Ik geef nog een rondje, zegt de vrouw. Ik verjaar ook niet
elke dag.
Jammer genoeg niet, zegt de Rus. De Nederlander en de Albaniër
beginnen te lachen.
Neen, je verjaart niet elke dag, zegt de Nederlander.
Jammer, zegt de Albaniër.
Ober, nog hetzelfde voor ons, roept de vrouw.
Zoals ik zei, je krijgt de hasj voor tachtig frank de gram,
zegt de Nederlander tegen de Rus. Je kunt hem doorverkopen
voor tweehonderd frank. Voor minstens tweehonderd frank,
zegt hij. Tel uit je winst, Igor, zegt hij. Tel uit je winst.
Én je rookt voor niets.
Daar hou ik me niet mee bezig, zegt de Rus. Niks voor mij,
zegt hij.
Tachtig frank, zegt de Nederlander. Tachtig frank de gram,
zegt hij.
De ober bedient het viertal. Ze drinken alle vier bier.
Grote bolle glazen bier. De Rus heft zijn glas op. Op jouw
gezondheid, Eliane, zegt hij. Op jouw gezondheid. En nog
een gelukkige verjaardag.
Drink Igor, zegt de vrouw. En geen gelukkige verjaardag
meer. Het is middernacht door, zegt ze. Mijn verjaardag
is voorbij. Drink. Drink.
Ook de Albaniër heft zijn glas op. Ja, gelukkige verjaardag,
Eliane, zegt hij.
Gelukkige verjaardag, zegt ook de Nederlander.
Drink, zegt de vrouw. En geen gelukkige verjaardag meer.
Mijn verjaardag is voorbij. Die is gelukkig weer eens voorbij.
Drink. Drink. Ze vlijt zich tegen de Albaniër aan.
Zulke ogen als die van jou heb ik nog nooit gezien, Arian,
zegt ze. Zulke mooie ogen. Je hebt de mooiste ogen die ik
ooit gezien heb. De mooiste en de donkerste ogen.

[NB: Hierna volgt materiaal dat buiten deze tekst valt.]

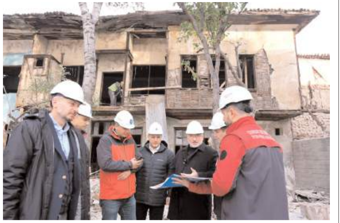
Tarihi İkiz Konak turizme kazandırılacak.
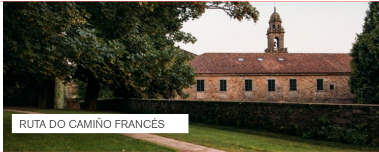
RUTA DO CAMIÑO FRANCÉS
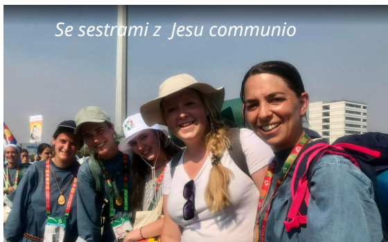
Se sestrami z Jesu communio
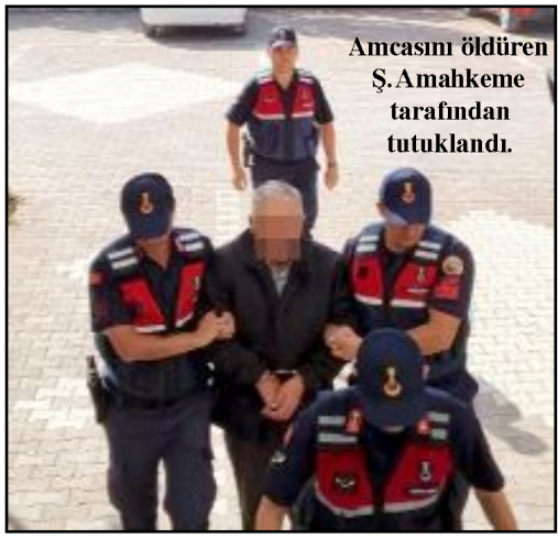
Amcasını öldüren Ş.A. mahkemeden tutuklandı.
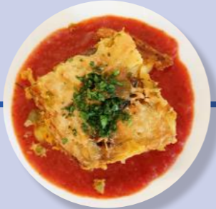
Nudel-Auflauf Gemüse Tomaten-Soße
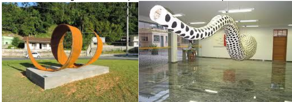
Figuras: “Cornucópia e embrião” e “Cornucópia
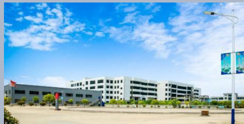
中国·南通制造基地
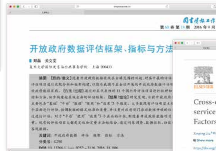
《图书情报工作》，2016年第18期
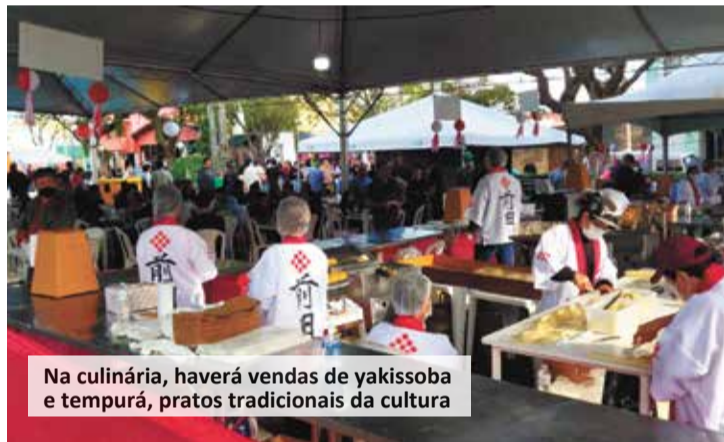
Na culinária, haverá vendas de yakissoba e tempurá, pratos tradicionais da cultura
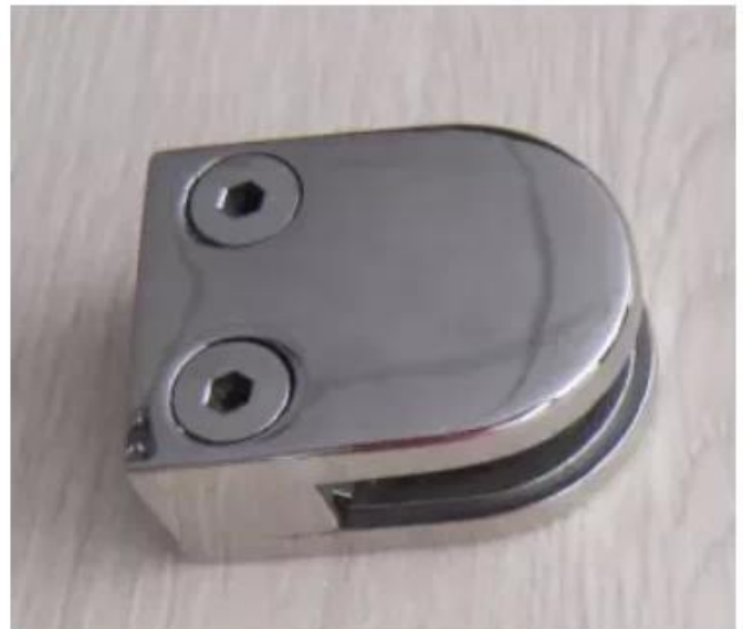
Zacisk z czarnego szkła 180 stopni BC-8035

Wat denk je ervan, vraagt de Nederlander aan de Rus. Wat
denk je? Tachtig frank de gram. Tel uit je winst. Daar valt
toch wat op te verdienen. Én je rookt voor niets.
Tel uit je winst.
Niets voor mij, zegt de Rus.
Tel uit je winst, zegt de Nederlander.
Gaan we straks naar de zonsopgang kijken, zegt de Rus. Ik
wil de zonsopgang zien, zegt hij. Mooier dan de zonsopgang
in Kiev zal hij wel niet zijn. Daar heb ik de mooiste zonsopgang
van mijn leven gezien. In Kiev. Ja, in Kiev.

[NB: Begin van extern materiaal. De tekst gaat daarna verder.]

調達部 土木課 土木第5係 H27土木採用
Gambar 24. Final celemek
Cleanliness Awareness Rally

Wat denk jíj ervan, vraagt de Nederlander aan de
Albaniër.
Van wat, vraagt de Albaniër.
Van die hasj, zegt de Nederlander. Aankoopprijs tachtig
frank. Je verkoopt hem voor minstens tweehonderd frank,
zegt hij. Tel uit je winst. Én je rookt voor niets.
Tel uit je winst.
Ik doe niet mee, zegt de Albaniër. Igor, waar is die
kroeg waar ze die goeie wodka hebben, zegt hij tegen de
Rus. Willen we daar naartoe gaan, zegt hij. Wat denken jullie
ervan? Gaan we wodka drinken, zegt hij.
De vrouw klapt in haar handen. Ja, wodka, wodka, wodka,
zegt ze.
Ja, wodka, zegt de Albaniër.
Tachtig frank aankoopprijs, zegt de Nederlander tegen de
Albaniër. Je verkoopt hem voor tweehonderd. Voor minstens
tweehonderd frank. Tachtig frank aankoopprijs, zegt hij.

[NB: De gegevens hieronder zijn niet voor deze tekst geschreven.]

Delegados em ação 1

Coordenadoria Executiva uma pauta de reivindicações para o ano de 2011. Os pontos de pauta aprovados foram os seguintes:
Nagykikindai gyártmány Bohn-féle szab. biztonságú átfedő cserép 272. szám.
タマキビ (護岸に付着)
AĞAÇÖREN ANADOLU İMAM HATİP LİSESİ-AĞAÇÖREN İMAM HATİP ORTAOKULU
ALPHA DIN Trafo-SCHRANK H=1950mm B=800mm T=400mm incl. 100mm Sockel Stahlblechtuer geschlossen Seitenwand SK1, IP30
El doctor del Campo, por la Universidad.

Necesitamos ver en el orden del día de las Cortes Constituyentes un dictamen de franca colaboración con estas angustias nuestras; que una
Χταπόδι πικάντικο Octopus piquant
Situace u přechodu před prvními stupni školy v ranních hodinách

Tel uit je winst. En je rookt voor niets. Tel uit je winst.
De vrouw klapt in haar handen. Wodka, wodka, wodka, zingt
ze. Wodka, wodka, wodka.
Ja, wodka, zegt de Albaniër.
En daarna de zonsopgang, zegt de Rus. De zonsopgang. Mooier
dan die aan de Zwarte Zee zal hij niet zijn. Daar heb ik
de mooiste zonsopgang van mijn leven gezien. Ik was er op
vakantie. Dáár heb ik de mooiste zonsopgang
van mijn hele leven gezien. Daar aan de Zwarte Zee. Aan
de Zwarte Zee.
De vrouw klapt weer in haar handen. Wodka, wodka, wodka,
zingt ze. Wodka, wodka, wodka. Ze lacht luid.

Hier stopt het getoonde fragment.